Or more accurately, 97 years of Boalt and three years of being unsure what to call it. A few of my Facebook friends posted the below video, which celebrates Boalt and what makes it special. Check it out, then let's discuss in the comments.

Thursday, October 13, 2011

Bar Application, Graduation, MPRE & Moral Character Stuff

In case you missed it, here's a summary of today's lunch session with Dean H*rshen about applying for the Bar and going through Moral Character Determination. I'm sure I missed a few things, so if you have anything important to add, do so in the comments.

First, there were handouts. You should read them. Additionally ...
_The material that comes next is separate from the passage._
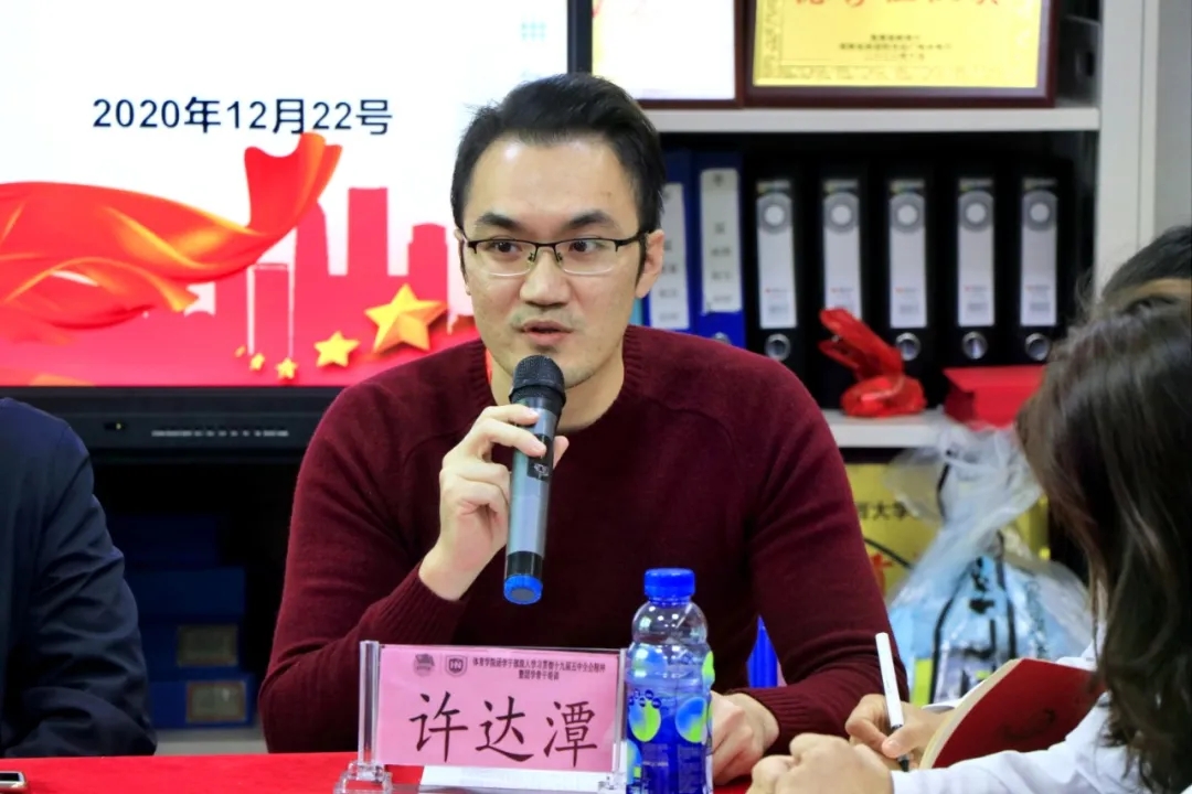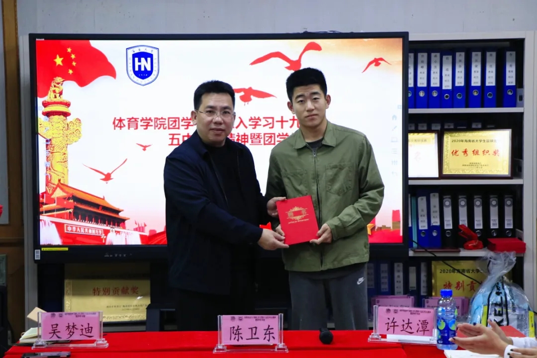 许达潭老师致辞中表示,随着伟德的成立以及2019年12月共青团伟德体育部第一次团员大会暨伟德体育部第一次员工大会的成功召开,实现了员工群团组织从无到有的历史,公司团总支和员工会的建立,标志着公司青年工作开启新的篇章。一年以来,在公司党总支的领导和校团委的指导下,在公司领导的大力支持下,在全体团干、团员及广大师生的共同努力下,基层团建、思想引领、专业实践、志愿服务和校园文化建设等方面的工作取得了一定成绩,这其中,第一届团学干部们发挥了重要作用,许老师代表院团总支对大家的付出表示感谢。同时,要坚持立德树人,团结带领广大团员青年为推进伟德建设“双一流”高校,促进海南自贸港建设贡献青春力量,未来的工作任重道远,希望新一届团学干部能接过前辈的接力棒,再接再厉创造体院美好明天。

Registration and Bar Application
  • It's really important that you register as a law student before you apply for the bar. Those are two separate steps that take time to process, so you can't just do both in one go. The law school told us to register during our 1L year, but if you're unsure about your status, you can check it out here.
  • If you're taking the New York bar (or any other bar for that matter), let the Registrar know! The law school will automatically certify graduates for the California bar, but students from other states will need to submit a form to the registrar by a certain deadline. You may also need to submit other forms, like a handwriting sample for New York. You should get all of this to the registrar as soon as possible.
  • If you have IP grades ("in progress"), talk to your professor soon to get those taken care of. It's bad if you can't graduate because the professor you need to sign off on this is on sabbatical.
  • Writing requirements should be done by this semester.
  • The registrar will start sending out individual e-mails to students about any missing graduation requirements, starting next week.
  • If you are taking the MPRE this November, John St*ele will be holding an MPRE review session at 5:30 on Thursday, October 27, in Booth. See K. H*lmquist's e-mail.
Moral Character Determination
  • You can fill it out at this link.
  • Fill it out now! It takes a long time to complete and to process. Technically, you don't need to have this done until you take your oath in December, but it's best to get this all done before you take the bar, so you don't have to worry about any of this while studying for the bar.
  • At least 4 people asked this, but yes, LLM and international students need to go through the Moral Character Determination process as well. If you want to sit for the bar, you have to go through moral determination.
  • You need to have your fingerprints taken. Boalt doesn't do fingerprinting, so ask the bar for locations
  • It's OK to have a few "youthful indiscretions" on your moral character determination, but it's better to be upfront about this rather than try to hide it. If you fail to mention something, and it comes up later during the moral character review, that's bad.
  • Similarly, if you have anything that might impact your moral character determination, like a bankruptcy or criminal record, that you did not mention to Berkeley, you should talk to Dean Hirshen. It's important that information the Bar has about you match the information the school has.
  • Even if you've taken a moral character determination in the past, e.g., for a security background check, you still need to do this one as well. But mention the previous one in your application.
  • When putting down your employment history, if your employer no longer exists, there should be a box you can check to note this. If your boss is no longer there (but the company still is), just put down the company and boss as is, and let your old company deal with it.
  • When putting down the places you resided at, if you were travelling for an extended period of time but didn't have any single particular place you stayed at, just list your permanent residence.
  • This sounded weird to me, but when listing the time and places for your your residencies, you also need to note those brief periods during winter or summer break where you were at home.
  • A moral character determination is good in California for three years, so if you're not taking the Cal. bar but might at some point in the next three years, get the moral character determination done now.
That's all I have. You can also view posts from previous 3Ls about this process. Feel free to add in the comments.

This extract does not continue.